• [Source records]
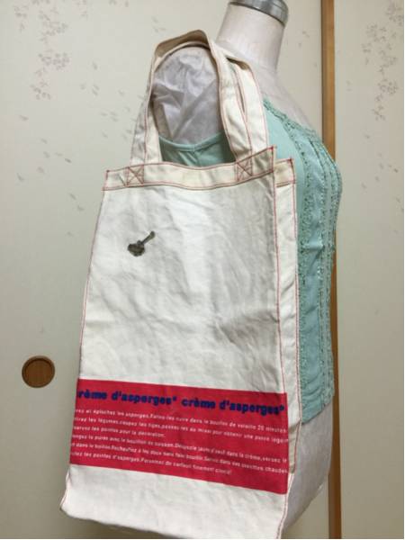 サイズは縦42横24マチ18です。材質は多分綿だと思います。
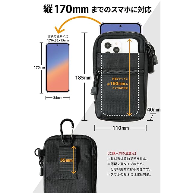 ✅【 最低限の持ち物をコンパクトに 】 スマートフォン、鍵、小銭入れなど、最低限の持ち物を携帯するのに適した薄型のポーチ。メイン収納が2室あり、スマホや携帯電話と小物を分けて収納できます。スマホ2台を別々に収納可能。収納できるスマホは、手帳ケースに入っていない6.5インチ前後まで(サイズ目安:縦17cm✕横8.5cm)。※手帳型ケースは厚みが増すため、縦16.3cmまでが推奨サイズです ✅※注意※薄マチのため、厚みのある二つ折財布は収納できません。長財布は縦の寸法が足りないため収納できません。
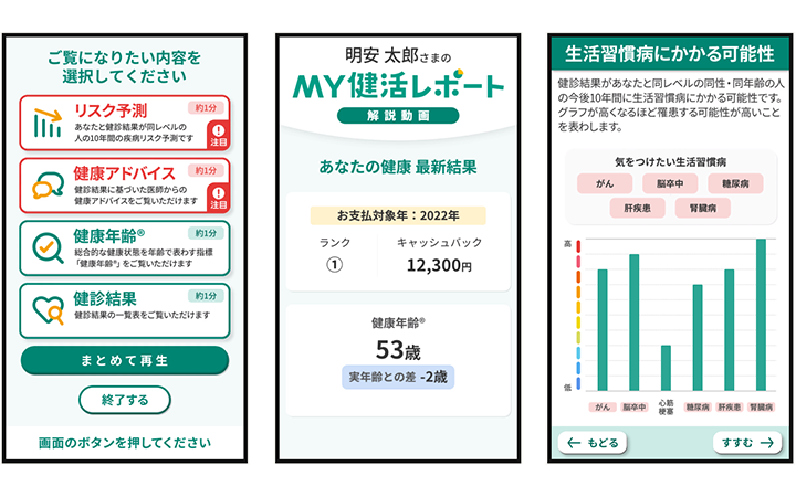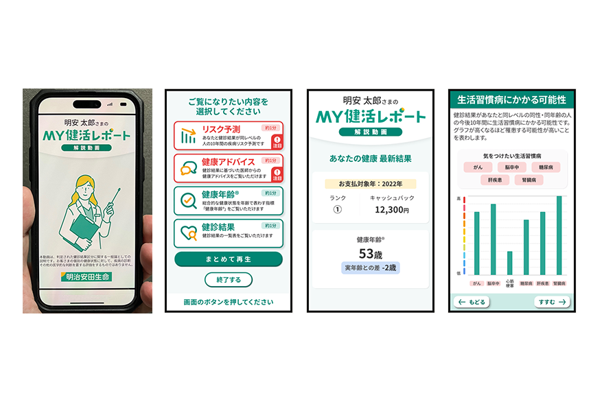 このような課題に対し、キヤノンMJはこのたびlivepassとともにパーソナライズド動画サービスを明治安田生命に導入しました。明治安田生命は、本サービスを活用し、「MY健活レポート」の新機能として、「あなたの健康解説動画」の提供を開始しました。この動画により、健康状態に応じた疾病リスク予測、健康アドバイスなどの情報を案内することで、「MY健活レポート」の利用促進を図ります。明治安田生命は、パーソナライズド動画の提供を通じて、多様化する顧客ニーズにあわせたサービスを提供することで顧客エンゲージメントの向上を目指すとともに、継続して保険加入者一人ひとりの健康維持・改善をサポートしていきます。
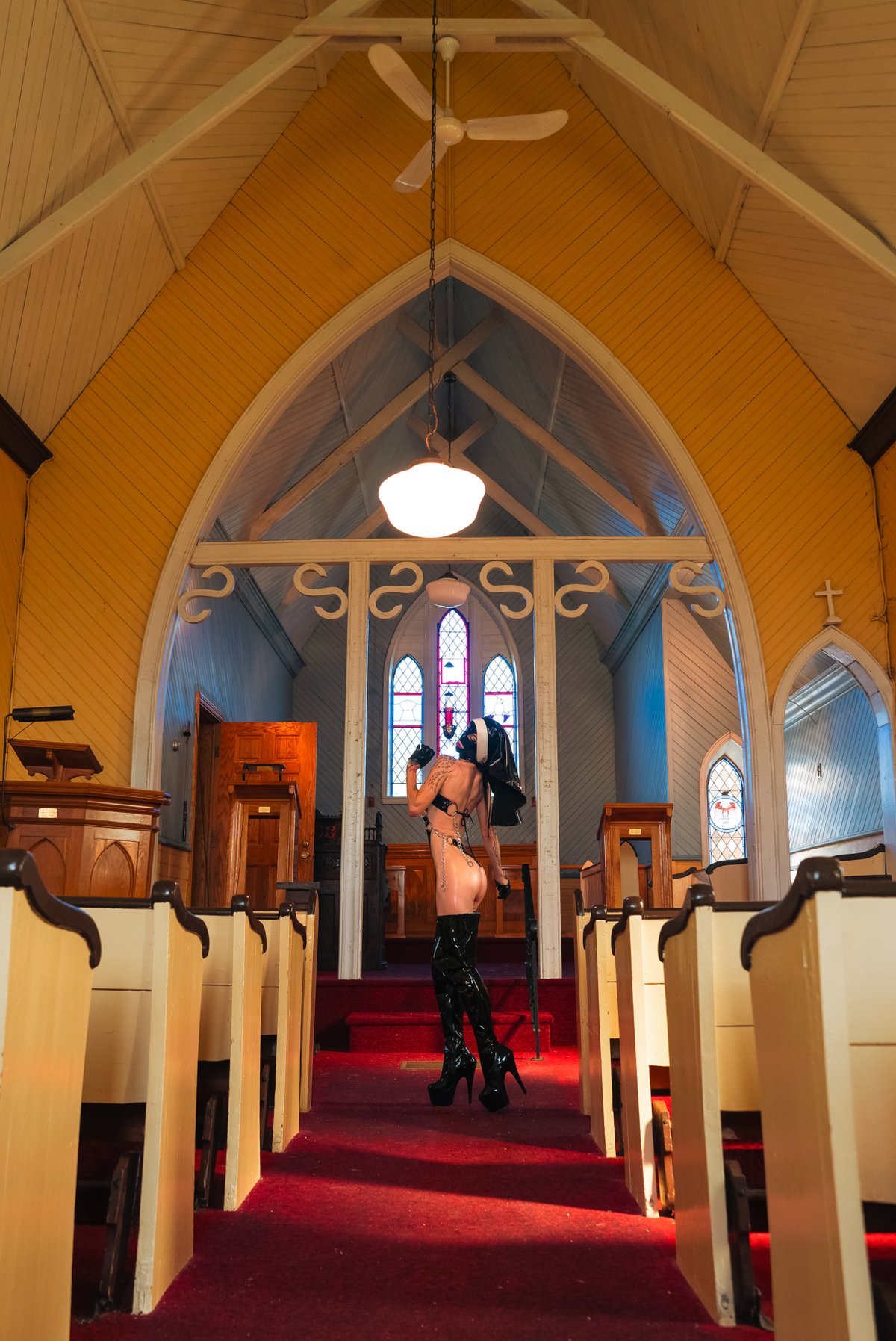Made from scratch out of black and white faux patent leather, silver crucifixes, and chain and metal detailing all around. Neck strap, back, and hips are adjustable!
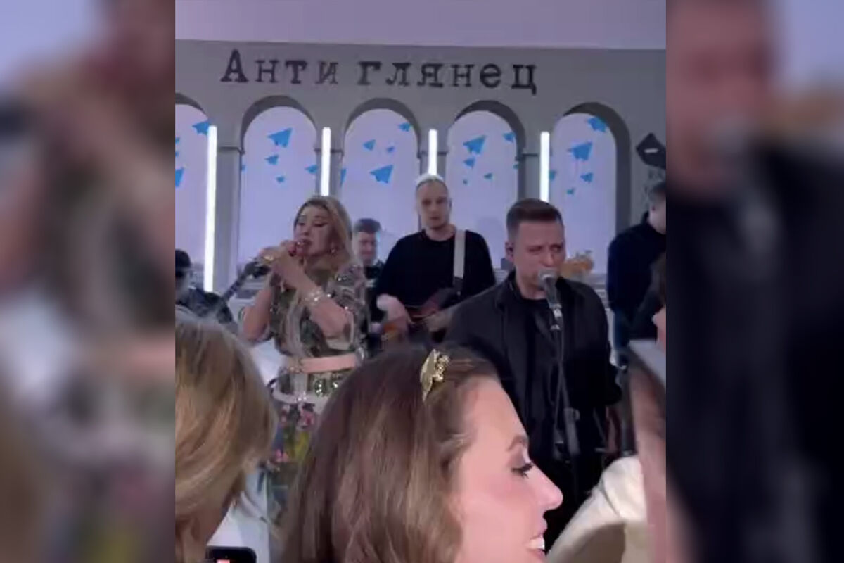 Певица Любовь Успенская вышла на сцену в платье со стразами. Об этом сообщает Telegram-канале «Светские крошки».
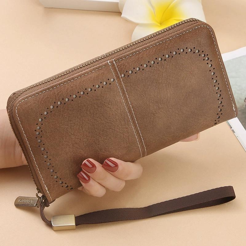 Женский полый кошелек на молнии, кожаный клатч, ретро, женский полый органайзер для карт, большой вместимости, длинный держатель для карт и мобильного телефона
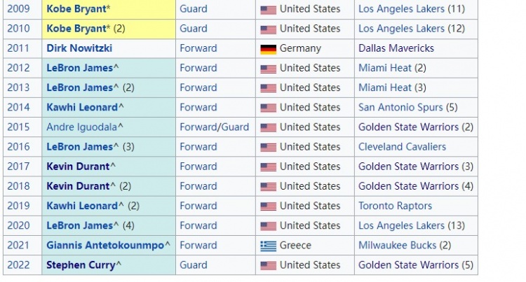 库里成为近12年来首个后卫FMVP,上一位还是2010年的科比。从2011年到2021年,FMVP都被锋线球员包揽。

• [What the task requires] With the pictures excluded, restate word for word each line from the one that contains "Женский полый кошелек" through the last line of the listing above.

• [Problem solution]
 Женский полый кошелек на молнии, кожаный клатч, ретро, женский полый органайзер для карт, большой вместимости, длинный держатель для карт и мобильного телефона
 库里成为近12年来首个后卫FMVP,上一位还是2010年的科比。从2011年到2021年,FMVP都被锋线球员包揽。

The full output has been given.